Serine/threonine protein phosphatase 5 (PP5) participates in the regulation of glucocorticoid receptor nucleocytoplasmic shuttling

Abstract

Background: In most cells glucocorticoid receptors (GR) reside predominantly in the cytoplasm. Upon hormone binding, the GR translocates into the nucleus, where the hormone-activated GR-complex regulates the transcription of GR-responsive genes. Serine/threonine protein phosphatase type 5 (PP5) associates with the GR-heat-shock protein-90 complex, and the suppression of PP5 expression with ISIS 15534 stimulates the activity of GR-responsive reporter plasmids, without affecting the binding of hormone to the GR.

Results: To further characterize the mechanism by which PP5 affects GR-induced gene expression, we employed immunofluorescence microscopy to track the movement of a GR-green fluorescent fusion protein (GR-GFP) that retained hormone binding, nuclear translocation activity and specific DNA binding activity, but is incapable of transactivation. In the absence of glucocorticoids, GR-GFP localized mainly in the cytoplasm. Treatment with dexamethasone results in the efficient translocation of GR-GFPs into the nucleus. The nuclear accumulation of GR-GFP, without the addition of glucocorticoids, was also observed when the expression of PP5 was suppressed by treatment with ISIS 15534. In contrast, ISIS 15534 treatment had no apparent effect on calcium induced nuclear translocation of NFAT-GFP.

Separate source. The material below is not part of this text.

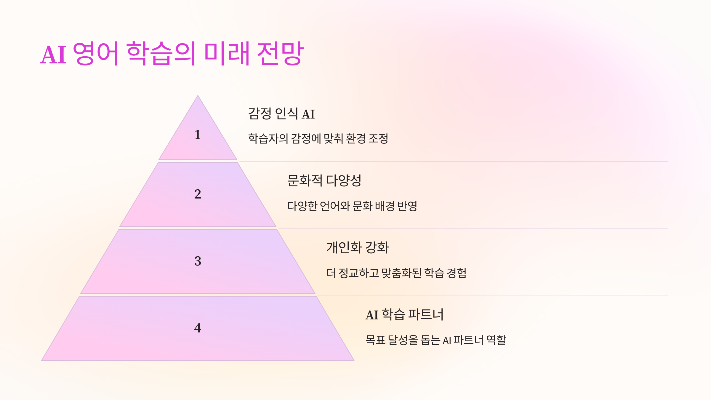 AI 기술이 계속 발전하면서 영어 학습의 미래는 더욱 밝아지고 있어요. 앞으로는 더 정교하고 개인화된 학습 경험을 제공하는 플랫폼이 늘어날 것으로 보이고, 학습자가 실시간으로 AI와 대화하며 학습할 수 있는 기술도 더 발전할 거예요.

Conclusion: These studies suggest that PP5 participates in the regulation of glucocorticoid receptor nucleocytoplasmic shuttling, and that the GR-induced transcriptional activity observed when the expression of PP5 is suppressed by treatment with ISIS 15534 results from the nuclear accumulation of GR in a form that is capable of binding DNA yet still requires agonist to elicit maximal transcriptional activation.

Figure 1

Inhibition of PP5 by okadaic acid. The purified catalytic subunit of PP5 was assayed, using [³²P]labeled phosphohistone as a substrate as described in Materials and Methods. The data is expressed as % of controls, with control activity being 4.2 ± 0.25 μmole/min/mg protein. Okadaic acid was mixed with the enzymes for 10 min at 23°C prior to the initiation of the reaction with the addition of substrate. Inhibition assays contained ~ 200 pM PP5. The data represent the mean SD (n = 4).

Figure 2

Effects of ISIS 15534 and dexamethasone on the subcellular distribution of GR-GFP.A. Representative subcellular distribution of GR-GFP. A549 cells were grown and treated with ISIS 15521 (a mismatched control antisense oligonucleotide for ISIS 1535), ISIS 15534 (antisense targeting PP5), dexamethasone (500 nM), ISIS 15534 and 500 nM dexamethasone, or vehicle alone (control) as described in Material and Methods. Eighteen hours later, GR-GFP expressing plasmids were microinjected into the nuclei of cells, incubated for 6 hours in serum-containing medium, and then serum-starved for an additional 18 hours. Between 150 and 200 cells were injected for each condition. The cells were either left untreated (control, ISIS 15521, ISIS 15534) or incubated with 500 nM dexamethasone (dexamethasone, ISIS + dexamethasone) for 30 minutes, prior to fixing and observation by fluorescence microscopy. Representative cells from 4 independent experiments are shown. B. Percentage of cells displaying nuclear GR-GFP. Cells from 4 independent experiments were scored for their intracellular distribution of GR-GFP and the mean percentage of cells having greater fluorescence in their nuclei than cytoplasm are shown (± SD). ^*p ≤ 0.0001 by ANOVA vs untreated or mismatch-treated cells.

Figure 3

Nucleo-cytoplasmic shuttling of GFP-NFAT.A) GFP-NFAT expressing HeLa cells were grown on glass coverslips and either left untreated (control) or treated with ISIS 15534 or the mismatched control (ISIS 15521) as described in Materials and Methods. Twenty-four hours after oligonucleotide treatment, the cells were either directly fixed with paraformaldehyde (No ionomycin), or ionomycin was added to 1 μM for 30 minutes. After treatment with ionomycin, the cells were either fixed (+ ionomycin) or rinsed in PBS and grown for an additional 6 hours in medium in the absence of drug (washout) before fixing. Representative fields of cells were viewed by fluorescence microscopy and photographed. B). Northern analysis of HeLa cells following treatment with 500 nM ISIS 15534, 500 nM ISIS 155521 or lipofectin alone (control), probing for PP5 and GAPDH confirms that the antisense oligonucleotides are also effective HeLa cells.